Larry Penny, 69, who grew up in Mattituck, said he and friends used to hitchhike to see movies at the Suffolk Theater during the heyday of downtown Riverhead in the late 1940’s and early 1950’s.
“It was a classy theater and the place to go for first-run movies,” said Mr. Penny, now the director of natural resources and environmental protection for the Town of East Hampton. “In those days Riverhead was where it was at. For us it was like going to the Big Apple. There were two newspapers, and it was a place of culture and entertainment and all that kind of stuff.”
The downtown declined during the 1970’s and in more recent years has suffered as retailers like the Tanger factory outlet center, Wal-Mart, the Home Depot, Best Buy, Target and Pier 1 Imports opened on Route 58, once a downtown bypass.

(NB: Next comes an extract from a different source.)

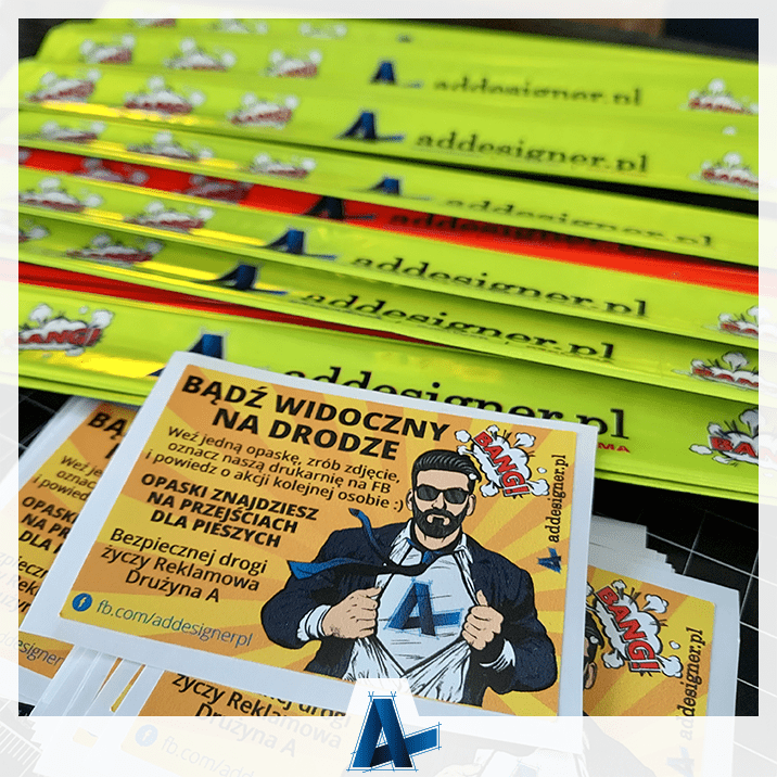 Drukarnia addesigner.pl oferuje różnorodne odblaskowe produkty, które możesz dopasować do swoich potrzeb. W naszej ofercie znajdziesz między innymi:

Downtown, meanwhile, lost Swezey’s department store, but it gained the Atlantis Aquarium, which draw visitors to East Main Street not far from the theater.
New development, including an office building facing the river, is already planned. Suffolk County is also spending $35 million to renovate the court buildings on Griffing Avenue, which runs north from Main Street. A sculptor, Giancarlo Biagi, plans a studio in the space between the Barth drugstore, a Main Street mainstay, and the EastEnders Coffee House, a recent arrival.
“I’d say Riverhead is certainly on the upswing,” Mr. Dippel said. “It’s going to be a lot of fun just riding the wave of what’s going to happen here.”